#### EXTRACTED DATA ####
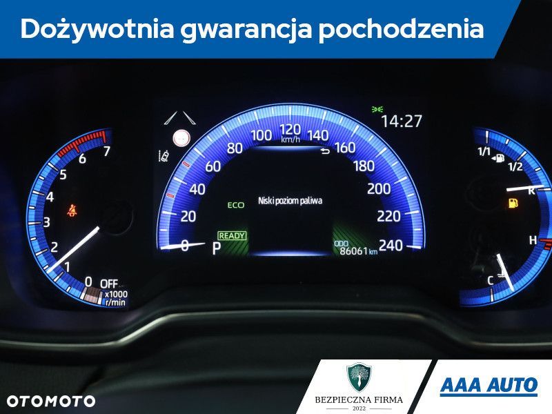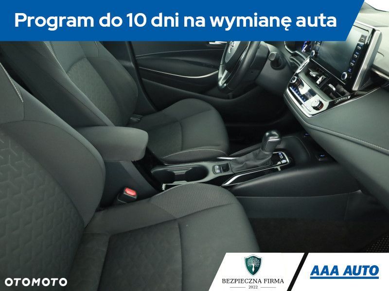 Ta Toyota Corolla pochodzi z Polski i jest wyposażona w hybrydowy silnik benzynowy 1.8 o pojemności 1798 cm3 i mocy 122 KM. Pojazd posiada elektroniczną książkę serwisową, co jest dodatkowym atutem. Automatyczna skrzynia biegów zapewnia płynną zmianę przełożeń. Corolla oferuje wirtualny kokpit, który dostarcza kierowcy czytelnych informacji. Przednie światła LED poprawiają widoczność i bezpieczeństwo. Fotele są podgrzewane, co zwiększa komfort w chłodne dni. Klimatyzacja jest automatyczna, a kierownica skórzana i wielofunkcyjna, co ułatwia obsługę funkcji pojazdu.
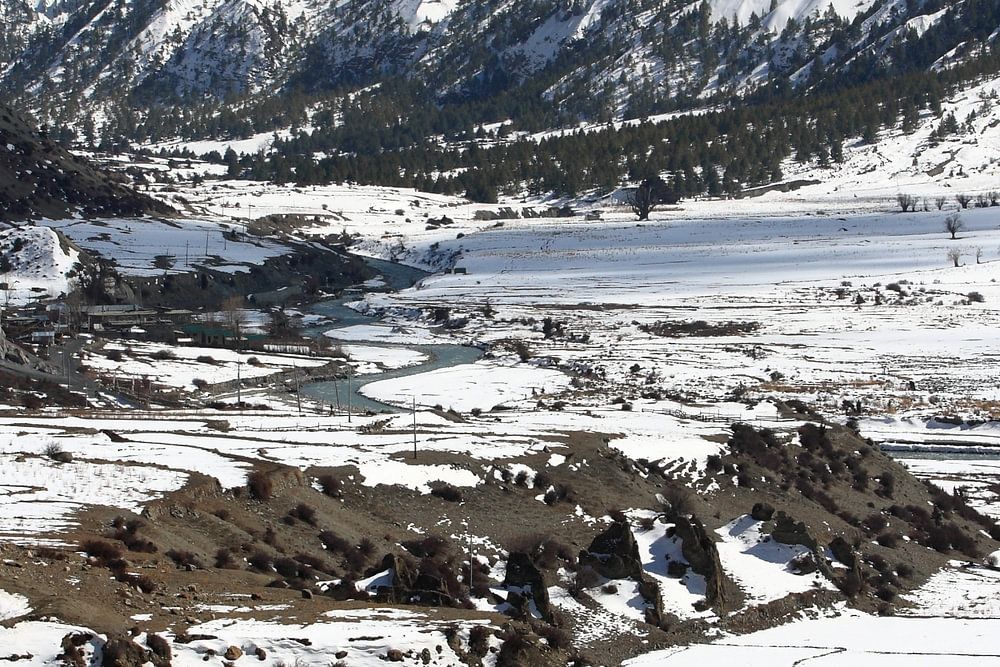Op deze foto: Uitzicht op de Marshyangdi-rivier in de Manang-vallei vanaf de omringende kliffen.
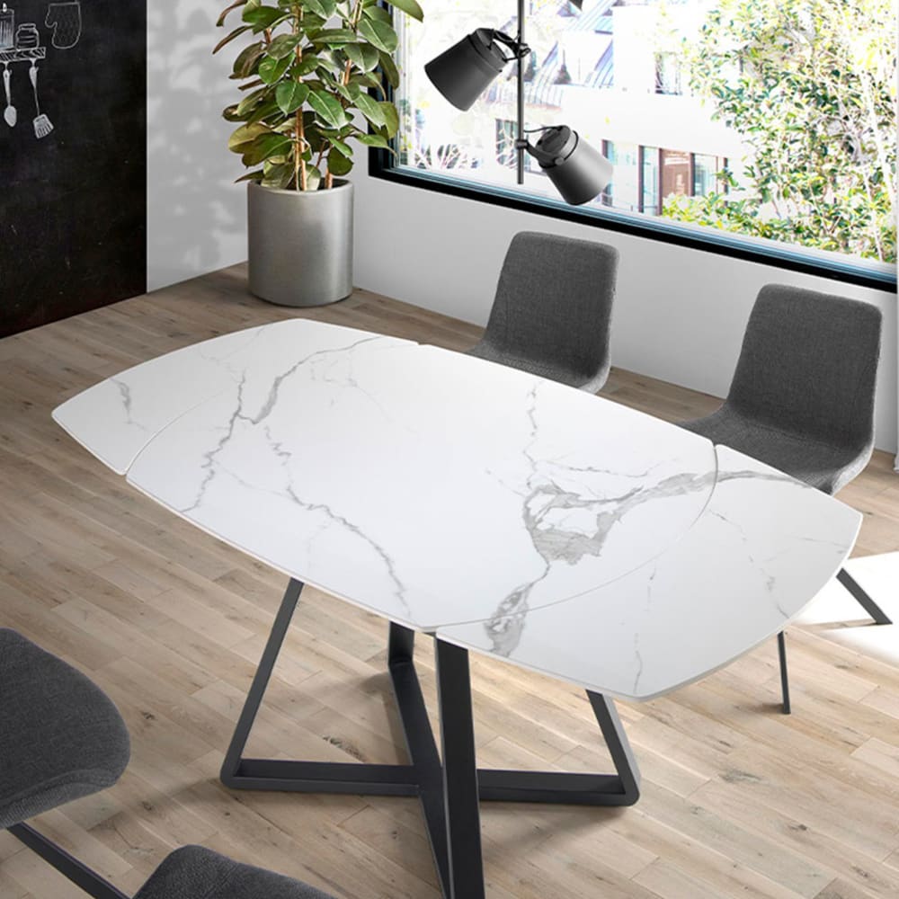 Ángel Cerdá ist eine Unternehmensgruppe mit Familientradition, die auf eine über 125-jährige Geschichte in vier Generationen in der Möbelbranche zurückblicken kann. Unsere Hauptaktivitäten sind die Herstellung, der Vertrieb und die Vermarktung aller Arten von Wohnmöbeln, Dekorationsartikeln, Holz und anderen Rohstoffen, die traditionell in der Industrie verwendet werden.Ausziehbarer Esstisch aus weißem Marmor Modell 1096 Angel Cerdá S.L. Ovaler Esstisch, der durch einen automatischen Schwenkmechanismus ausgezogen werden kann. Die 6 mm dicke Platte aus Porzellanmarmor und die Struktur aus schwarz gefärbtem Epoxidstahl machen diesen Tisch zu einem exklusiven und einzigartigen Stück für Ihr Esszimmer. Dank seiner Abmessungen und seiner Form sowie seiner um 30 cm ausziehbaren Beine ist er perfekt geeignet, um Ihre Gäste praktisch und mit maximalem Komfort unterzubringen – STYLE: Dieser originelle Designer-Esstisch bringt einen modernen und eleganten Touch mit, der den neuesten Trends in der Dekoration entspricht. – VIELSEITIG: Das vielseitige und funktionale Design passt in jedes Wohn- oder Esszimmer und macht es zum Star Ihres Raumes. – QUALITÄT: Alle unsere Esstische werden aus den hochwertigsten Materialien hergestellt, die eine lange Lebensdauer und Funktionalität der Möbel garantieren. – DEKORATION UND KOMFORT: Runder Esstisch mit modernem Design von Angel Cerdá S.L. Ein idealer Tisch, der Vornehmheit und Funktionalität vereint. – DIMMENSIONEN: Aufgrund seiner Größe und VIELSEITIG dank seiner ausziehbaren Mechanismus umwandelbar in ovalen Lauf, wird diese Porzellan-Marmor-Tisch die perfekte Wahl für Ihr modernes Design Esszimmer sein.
####
#### EXTRACTED DATA ####
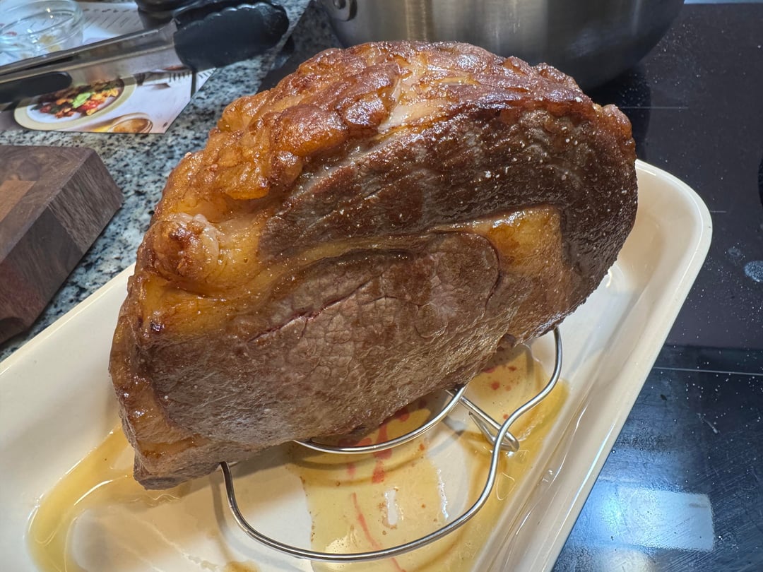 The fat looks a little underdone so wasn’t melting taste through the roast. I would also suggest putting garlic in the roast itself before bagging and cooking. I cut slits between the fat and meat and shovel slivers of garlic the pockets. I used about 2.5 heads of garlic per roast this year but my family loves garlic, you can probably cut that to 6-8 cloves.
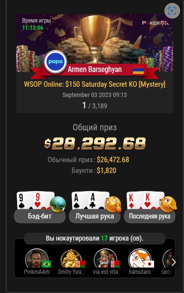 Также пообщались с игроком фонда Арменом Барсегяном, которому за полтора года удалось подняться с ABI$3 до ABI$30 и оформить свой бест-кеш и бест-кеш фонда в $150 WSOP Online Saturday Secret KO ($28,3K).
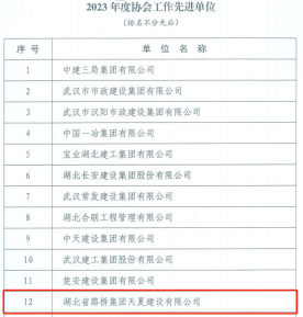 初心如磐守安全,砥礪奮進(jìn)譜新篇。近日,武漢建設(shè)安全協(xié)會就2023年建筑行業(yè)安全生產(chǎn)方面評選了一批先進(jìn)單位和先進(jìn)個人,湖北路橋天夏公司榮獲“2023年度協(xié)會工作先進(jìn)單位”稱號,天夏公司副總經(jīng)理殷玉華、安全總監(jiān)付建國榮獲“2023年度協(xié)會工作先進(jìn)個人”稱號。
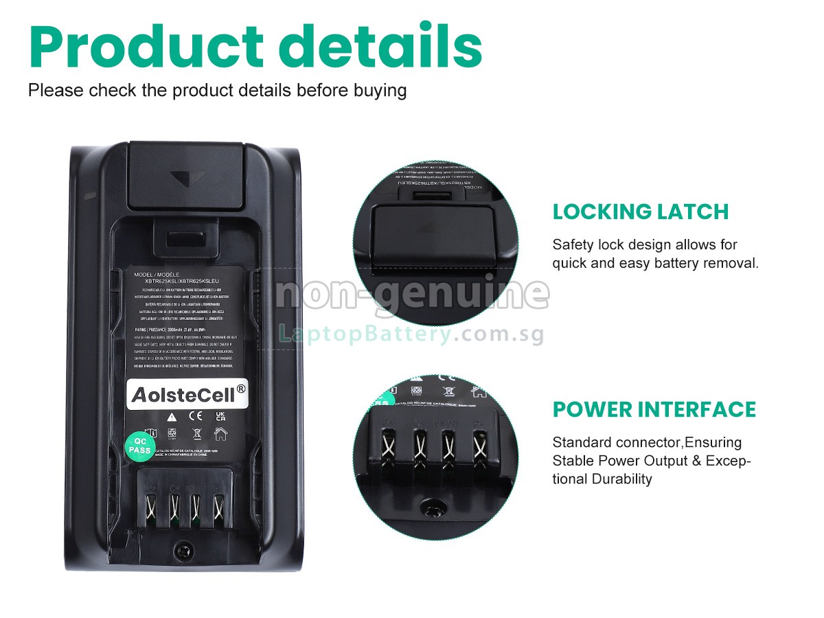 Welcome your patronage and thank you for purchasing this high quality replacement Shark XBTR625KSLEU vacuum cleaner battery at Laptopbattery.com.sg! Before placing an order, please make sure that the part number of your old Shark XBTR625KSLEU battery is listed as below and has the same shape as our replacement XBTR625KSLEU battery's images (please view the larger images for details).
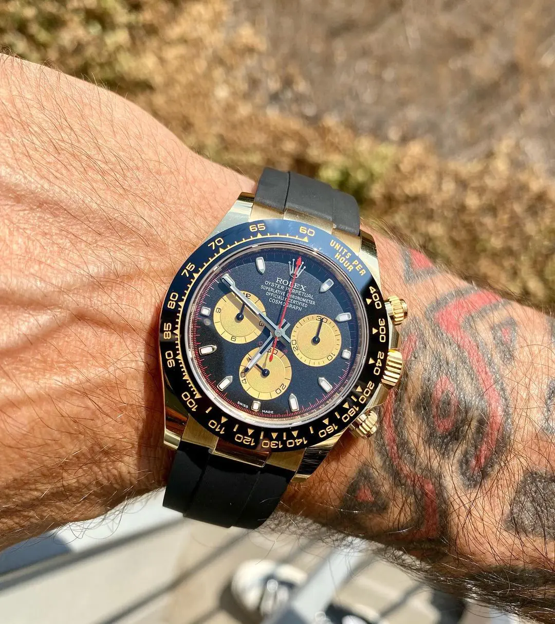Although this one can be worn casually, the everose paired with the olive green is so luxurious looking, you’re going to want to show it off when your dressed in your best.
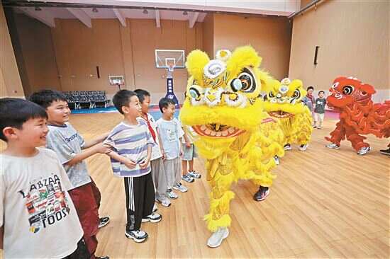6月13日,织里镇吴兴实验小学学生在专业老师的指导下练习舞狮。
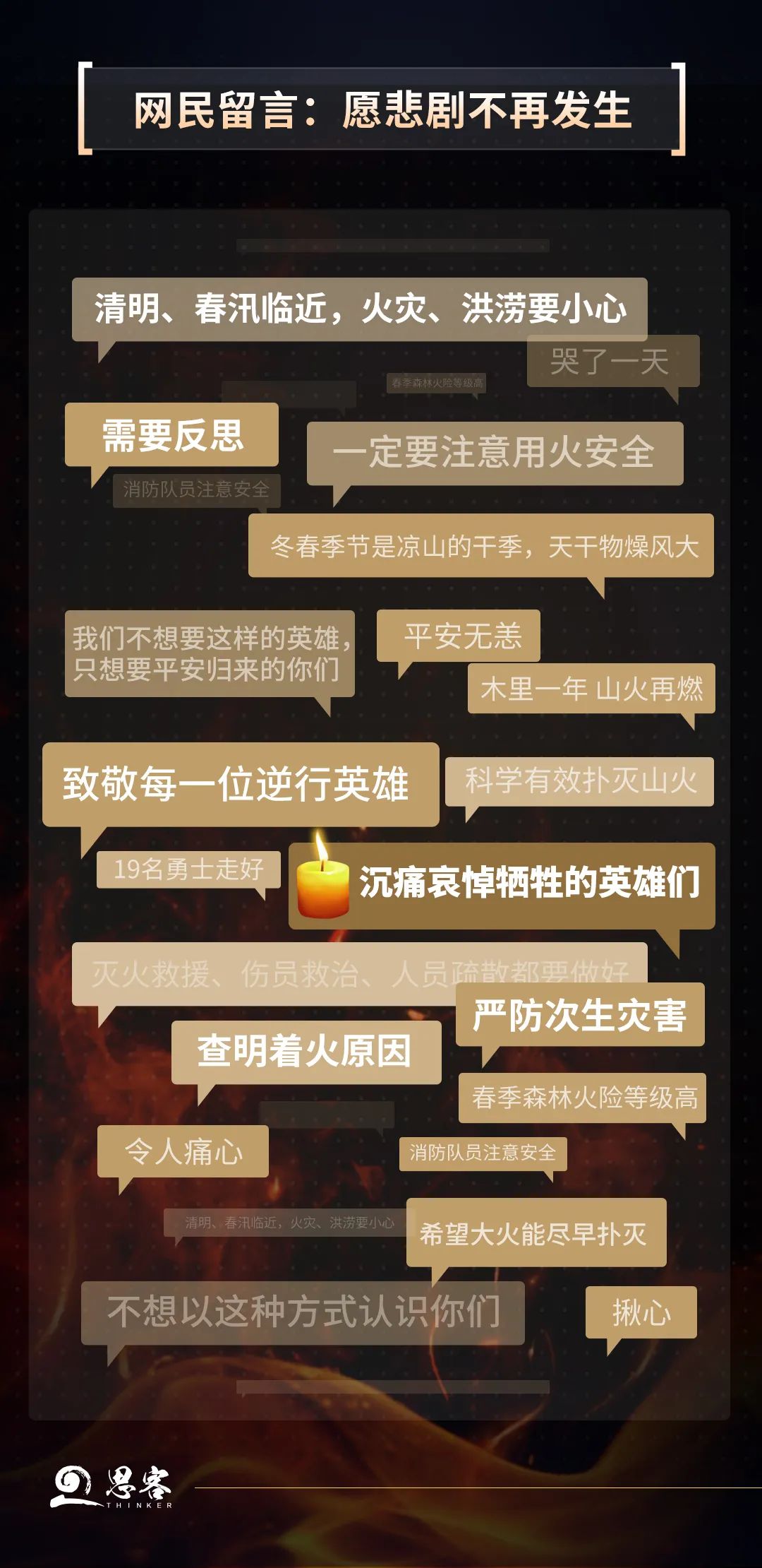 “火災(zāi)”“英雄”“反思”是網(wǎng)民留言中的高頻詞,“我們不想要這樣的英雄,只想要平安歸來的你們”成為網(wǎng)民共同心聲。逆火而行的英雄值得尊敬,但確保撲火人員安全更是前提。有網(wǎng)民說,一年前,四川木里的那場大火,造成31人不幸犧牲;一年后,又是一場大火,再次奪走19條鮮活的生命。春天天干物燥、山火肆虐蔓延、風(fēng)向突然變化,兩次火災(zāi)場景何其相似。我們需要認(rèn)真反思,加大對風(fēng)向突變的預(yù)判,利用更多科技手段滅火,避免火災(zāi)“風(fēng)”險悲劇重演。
####
#### EXTRACTED DATA ####
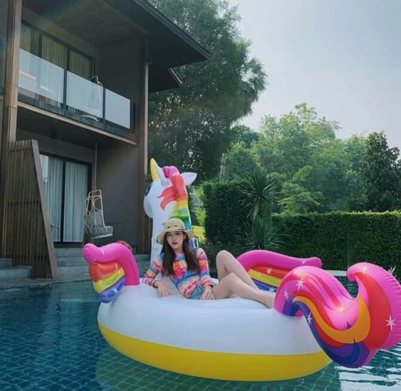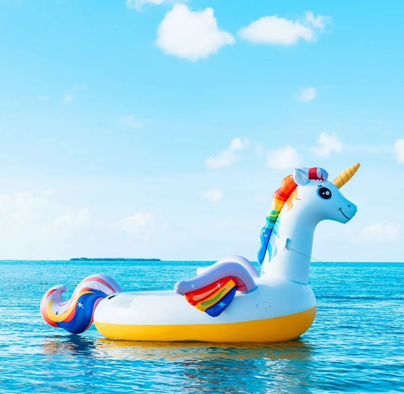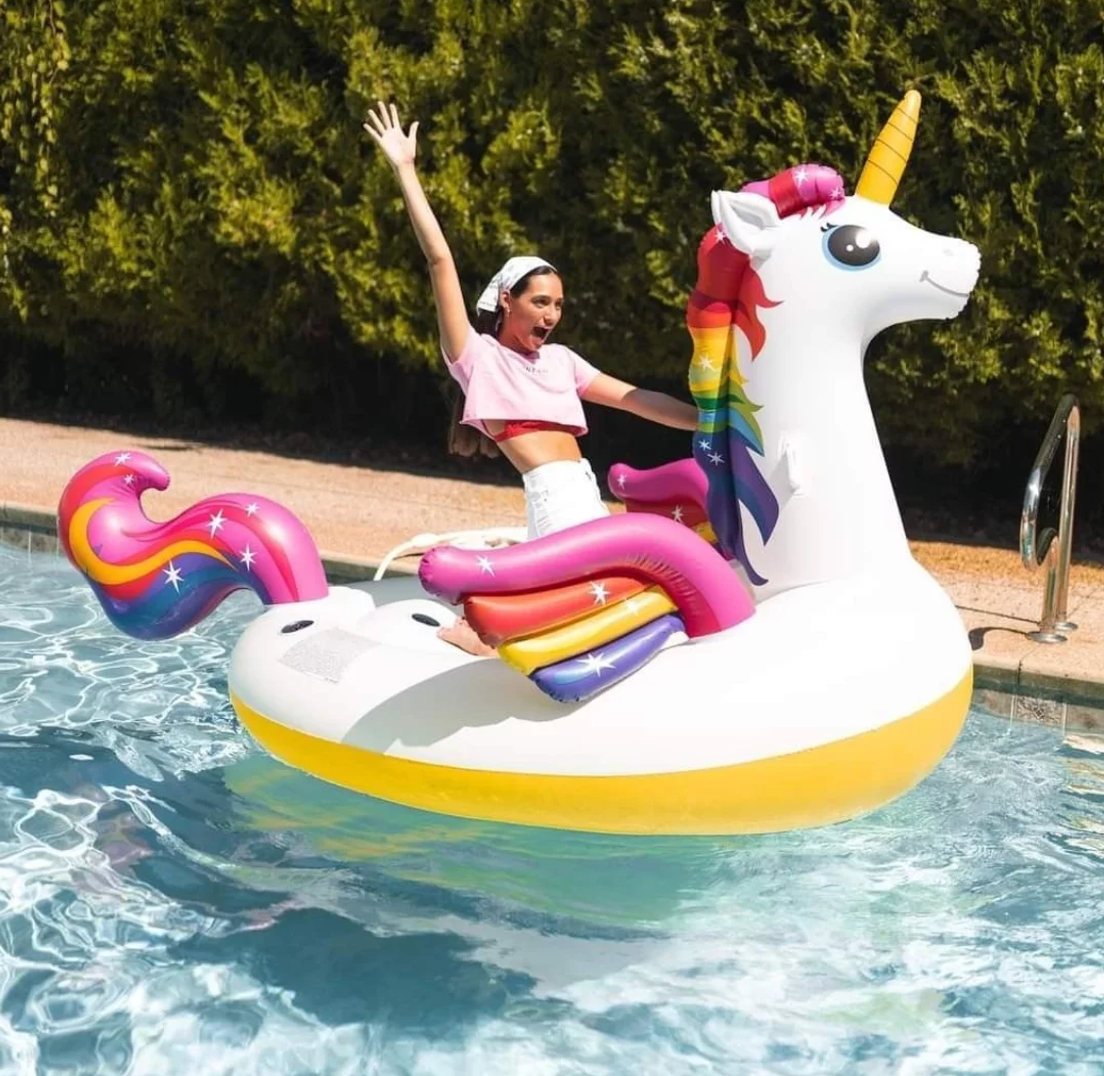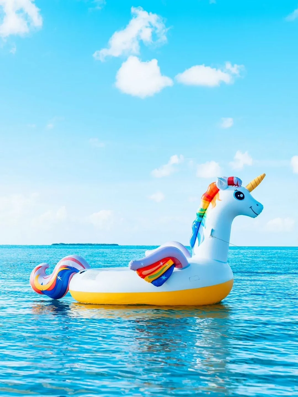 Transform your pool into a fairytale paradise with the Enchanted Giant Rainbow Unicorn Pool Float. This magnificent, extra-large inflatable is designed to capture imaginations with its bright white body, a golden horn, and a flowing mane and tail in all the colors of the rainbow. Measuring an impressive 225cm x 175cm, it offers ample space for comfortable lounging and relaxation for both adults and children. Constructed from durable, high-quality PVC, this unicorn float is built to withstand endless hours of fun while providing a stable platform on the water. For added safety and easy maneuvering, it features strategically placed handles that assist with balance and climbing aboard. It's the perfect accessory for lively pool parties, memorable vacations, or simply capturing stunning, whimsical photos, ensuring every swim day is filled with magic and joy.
####
**WHAT THE EXERCISE ASKS:** Return the stretch of data that begins with the line showing "Ta Toyota Corolla" and goes on through the line showing "Op deze foto: Uitzicht", exactly, with pictures removed.

**RESULT:**
 Ta Toyota Corolla pochodzi z Polski i jest wyposażona w hybrydowy silnik benzynowy 1.8 o pojemności 1798 cm3 i mocy 122 KM. Pojazd posiada elektroniczną książkę serwisową, co jest dodatkowym atutem. Automatyczna skrzynia biegów zapewnia płynną zmianę przełożeń. Corolla oferuje wirtualny kokpit, który dostarcza kierowcy czytelnych informacji. Przednie światła LED poprawiają widoczność i bezpieczeństwo. Fotele są podgrzewane, co zwiększa komfort w chłodne dni. Klimatyzacja jest automatyczna, a kierownica skórzana i wielofunkcyjna, co ułatwia obsługę funkcji pojazdu.
Op deze foto: Uitzicht op de Marshyangdi-rivier in de Manang-vallei vanaf de omringende kliffen.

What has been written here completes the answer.